PROBLEM DESCRIPTION
Beginning with the line that contains "- We biked by", copy each subsequent line of the data below through the last one, including both ends but not the pictures.

DATA
________

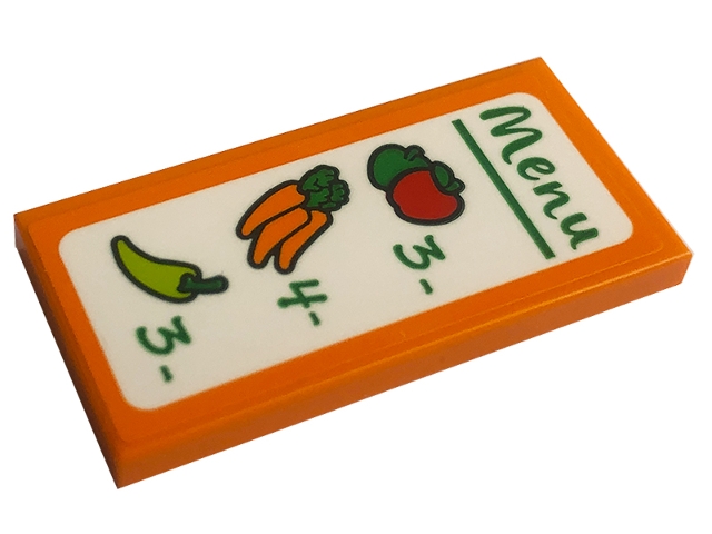 Tile 2 x 4 with Green 'Menu' with Apples, Carrots, Chili Pepper, Number 3, 4 and 3 Pattern (Sticker) - Set 60345
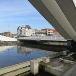 - We biked by this in Bruges. The bridge lifts when the counterbalanced arms rock.
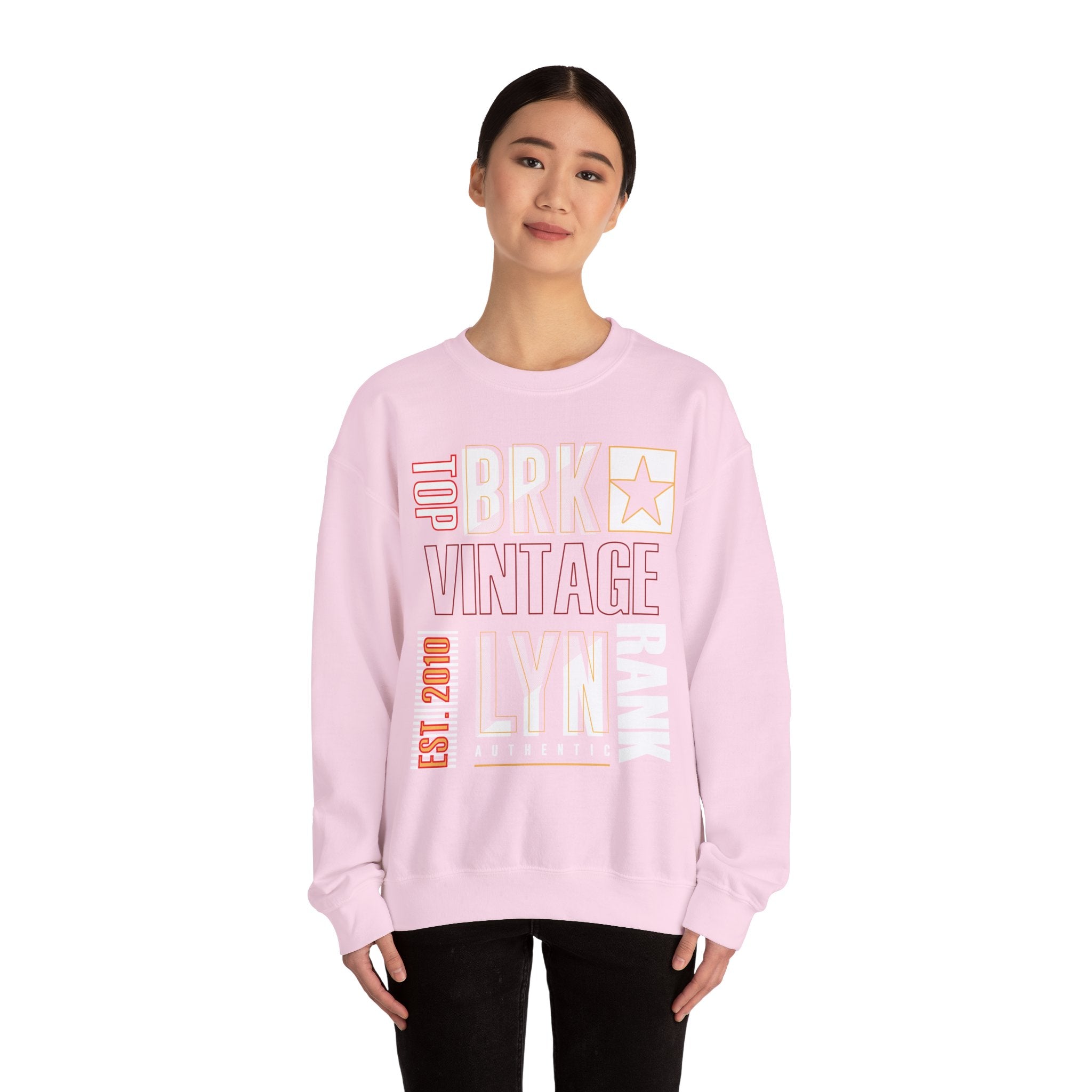 A modern and stylish Ladies TRV Modern Apparel Sweatshirt featuring a Brooklyn NYC graphic with Top Rank Vintage design element, showcasing the establishment year of 2010. This sweatshirt exudes an urban and trendy vibe, perfect for fashion-forward individuals looking to add a unique piece to their wardrobe. Ideal for those who appreciate vintage-inspired fashion with a contemporary twist. Suitable for casual wear and can be a great addition to holiday outfits or urban-themed celebrations.

________

SOLUTION TO THIS EXERCISE
 - We biked by this in Bruges. The bridge lifts when the counterbalanced arms rock.
 A modern and stylish Ladies TRV Modern Apparel Sweatshirt featuring a Brooklyn NYC graphic with Top Rank Vintage design element, showcasing the establishment year of 2010. This sweatshirt exudes an urban and trendy vibe, perfect for fashion-forward individuals looking to add a unique piece to their wardrobe. Ideal for those who appreciate vintage-inspired fashion with a contemporary twist. Suitable for casual wear and can be a great addition to holiday outfits or urban-themed celebrations.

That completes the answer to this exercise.